You can limit the rate of incoming traffic, outgoing traffic, or both on a port to prevent
the port (and the device that is attached to it) from taking up too much bandwidth on
the switch. Rate limiting, which you can set for individual ports in either QoS mode,
simply means that the switch slows down all traffic on a port so that traffic does not
exceed the limit that you set for that port. If you set the rate limit on a port too low, you
might, for example, see degraded video stream quality, sluggish response times during
online activity, and other problems.
Use port-based quality of service and set port priorities
802.1P/DSCP is the default QoS mode on the switch, but you can also set port-based
QoS.
For each port, you can set the priority and the rate limits for both incoming and outgoing
traffic:
•
Port priority. The switch services traffic from ports with a critical priority before traffic
from ports with a high, medium, or low priority. Similarly, the switch services traffic
from ports with a high priority before traffic from ports with a medium or low priority.

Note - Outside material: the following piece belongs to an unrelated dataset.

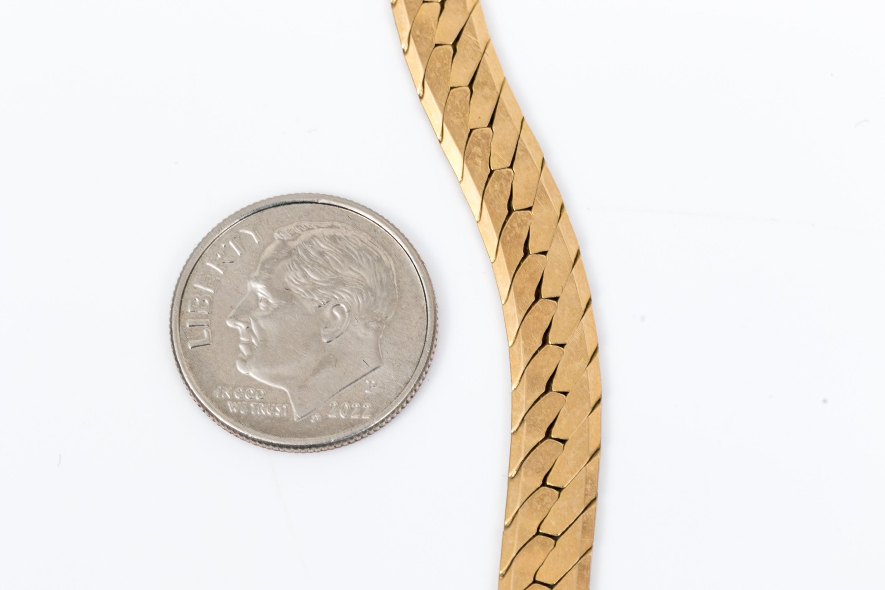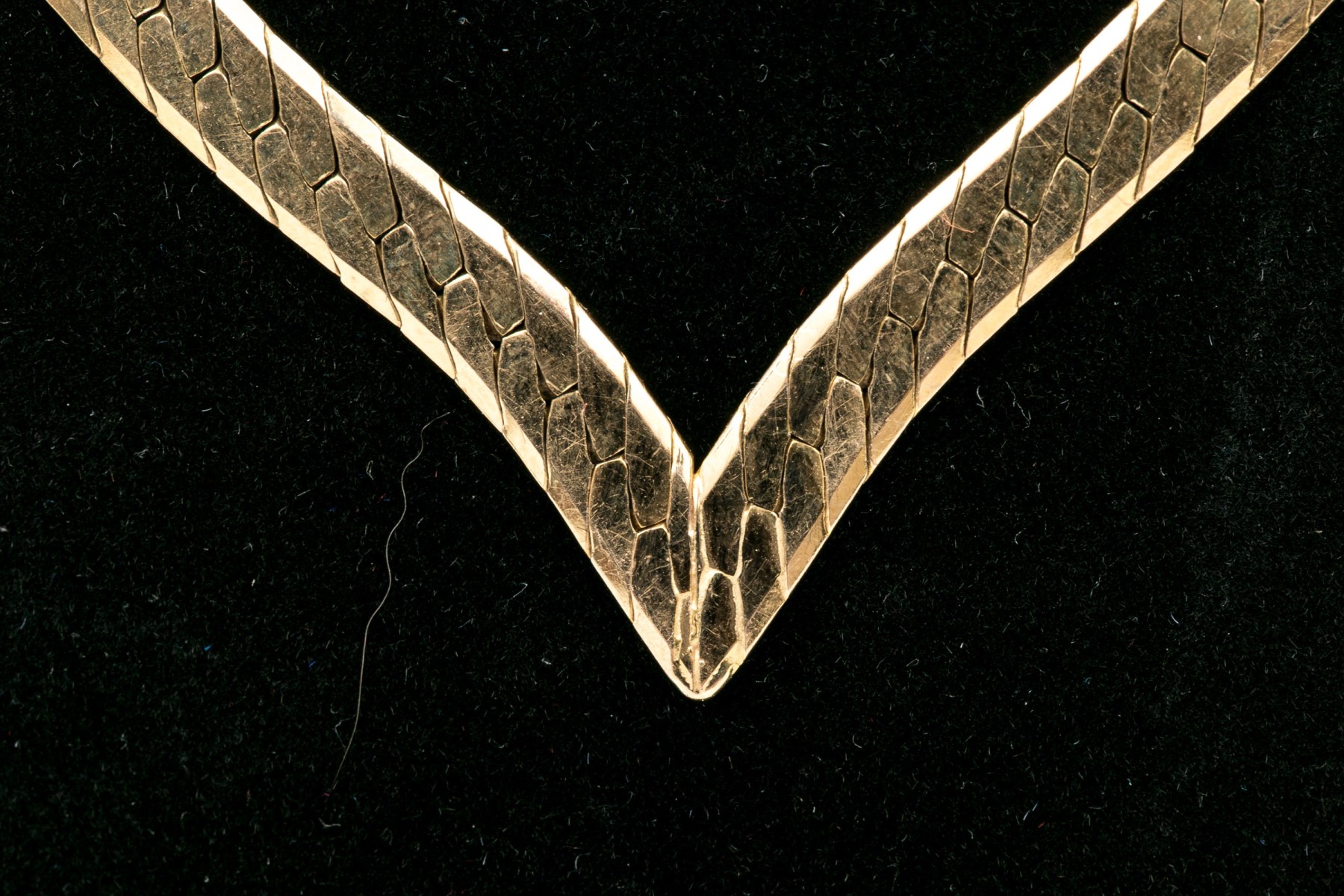Stunning 14K yellow gold herringbone chain necklace. The necklace has a chevron design with a bright polished finish. Lobster claw style clasp.
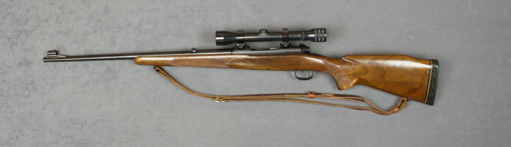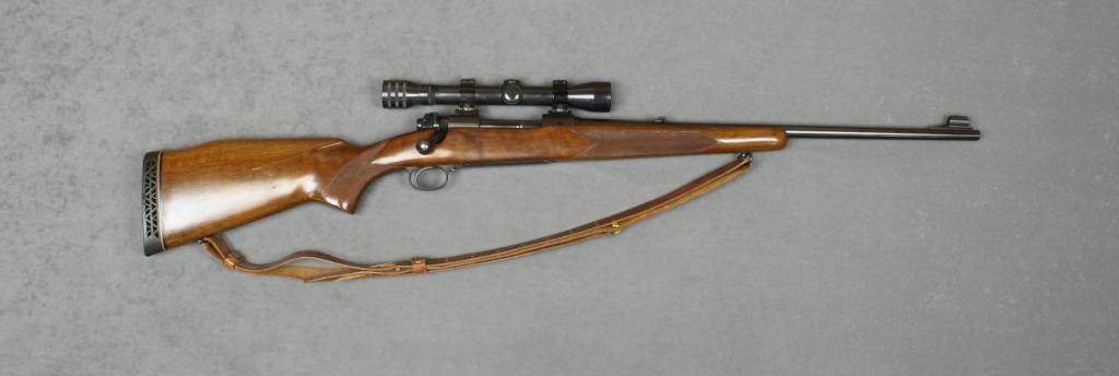 Winchester Model 70 Featherweight bolt-action rifle, .243 Win. cal., 22” barrel, blue finish, checkered wood stock, leather sling, mounted with a Bear Cub 4X scope, #448526. This gun is in overall fine condition showing the majority of its original finish, fine bore, action, markings and wood stock with scattered nicks and mars from carry and storage; added White Line hard rubber butt pad; clear scope optics. Est.: $500-$1,000.

If severe network congestion occurs, the switch might drop packets with a low priority.
•
Port rate limits. The switch accepts traffic on a port at the rate (the speed of the
data transfer) that you set for incoming traffic on that port. The switch transmits traffic
from a port at the rate that you set for outgoing traffic on that port. You can select
each rate limit as a predefined data transfer threshold from 512 Kbps to 512 Mbps.